Poem: Zin’s 14th Street Demo

By: Kyle Hemmings


We are glitter-puppies in a dance temple of extended happy hour truths. Some of us will die in our distressed jeans. Who is the closet lipster with too many au cell phone lives? So wasted in those buckled high-heeled sandals & waist-tiered crochet shirt. On Wednesdays, the 70s disco night, I imagine her heart to be a sponge. On Saturday Classic Free Style, it is a terrorist on high pump. No cause for alarm. Everyone’s false eyelashes will fall straight, sooner or later. & the Bobbsey-Brothers are approaching Zen-Oneness to dub step & wobble bass. When they play Madonna’s “Beautiful Stranger,” I want to be a tramp stamp on someone’s misaligned spine. Or a compressed shadow with strong techno inclinations. Outside this place the comets are cynical & keep missing the sleep-deprived.
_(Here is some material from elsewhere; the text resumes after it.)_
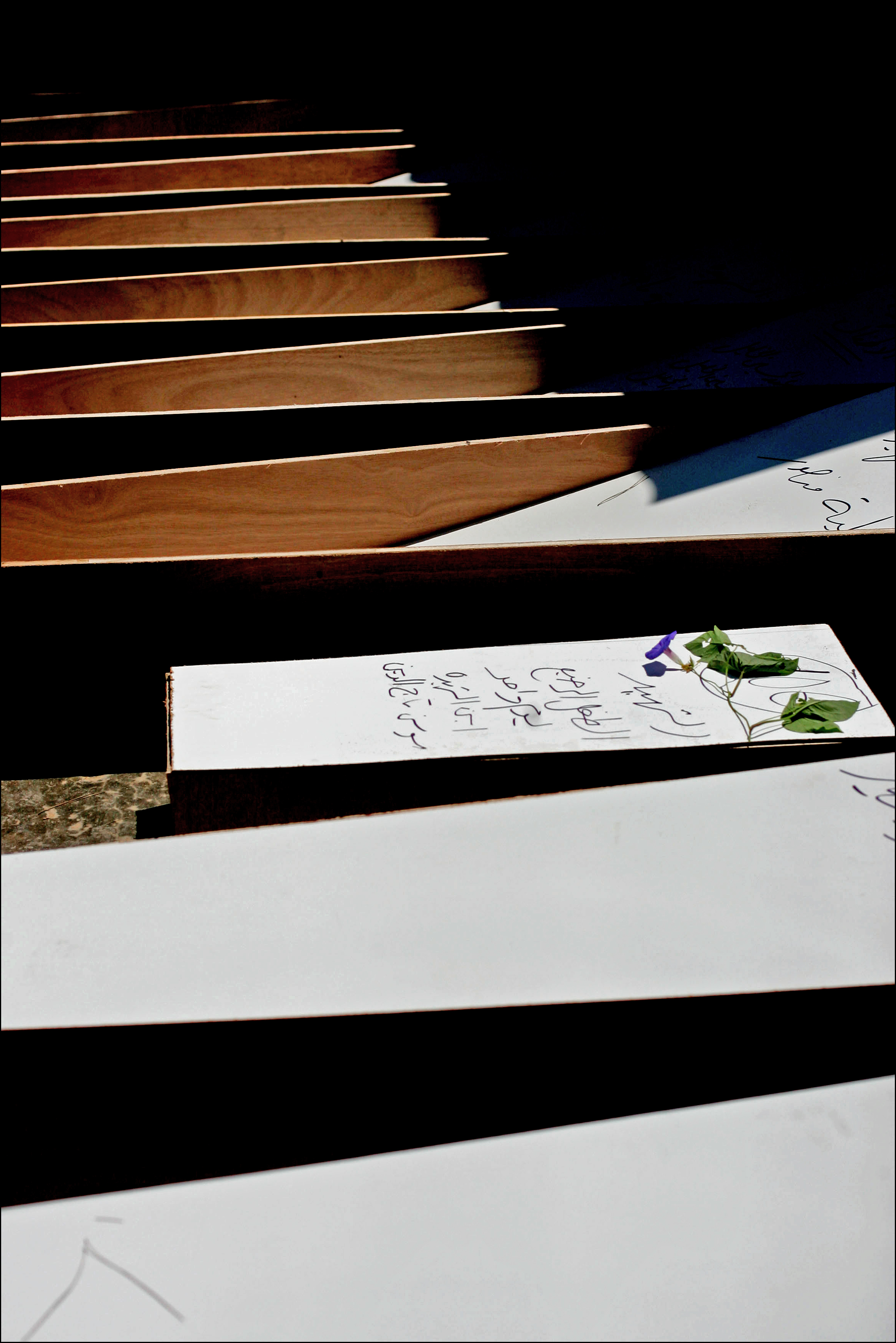 Decorated with a few flowers, the smallest of the 31 simple plywood coffins, center, made to contain one-day-old girl Sawsan Tajeldin, can be seen during the preparation for a mass burial of Lebanese victims at the southern port city of Tyre, Lebanon Saturday July 29, 2006. Tajeldin was killed along with her mother , when the car they were fleeing from the nearby village of Bazouriyeh was hit by an Israeli warplane missile strike. With a few mourners at hand, 31 victims of Israel’s two-week long bombardment were buried in a mass grave in this Lebanese city -

I will hand over my skinny frayed self to DJ Pharaoh Sun-Rah. My body, all patch cords & re-mixed air. I could fly for an instant like a homesick bird with prosthetic wings. In the morning, we will make love to our stalkers in double-breasted trench coats. We will recall with true Platonic form how our lead-footed mothers gave birth to us in S&M dungeons. They had such crazy whips. We will turn to tiny glass gazelles scattered on the streets, crushed by taxis rushing one way. 


The Music Room

 

By: Kyle Hemmings 


At work, her father fights a losing war with paper men. Home, Zin imagines wind scorpion women without musical sense, exoskeletons in the morning, left-overs of love. Some girls are cursed with supernatural powers of hearing. She composes a boy of blue half-notes. Outside her flimsy wardrobe of snapback hats, mini-dresses with illusion stripes, a scatter of old dollar menus, she develops allergies to cacophony, to boys who can’t rhyme for a dime. She supplements her income by being a sexy sibyl to a star-crossed man who lives in the past. Walking alone on cold nights, the clouds are musical compositions by Russian virtuosos, exiled to her brain. Her father brings the day’s casualties home. It is he who is dead. She wonders where the souls of chocolate-covered ants go. Her musical boy hums in her head. She thinks: Live with me forever or I’ll tear up this score. In a recurrent dream, they make love with crooked fingers & white keys. Her father enters the music room wearing an army helmet. He smashes the piano with an ax. Zin wakes up with a stiff spine & cotton mouth. She can barely dress herself. The boy is gone or is he? There is almost a face. In the kitchen, the sound of spoons & knives clang against the sink & table. Together means her, her father & the empty chair reserved for the boy who wants to sing. Together, it will be a jagged melody of hope.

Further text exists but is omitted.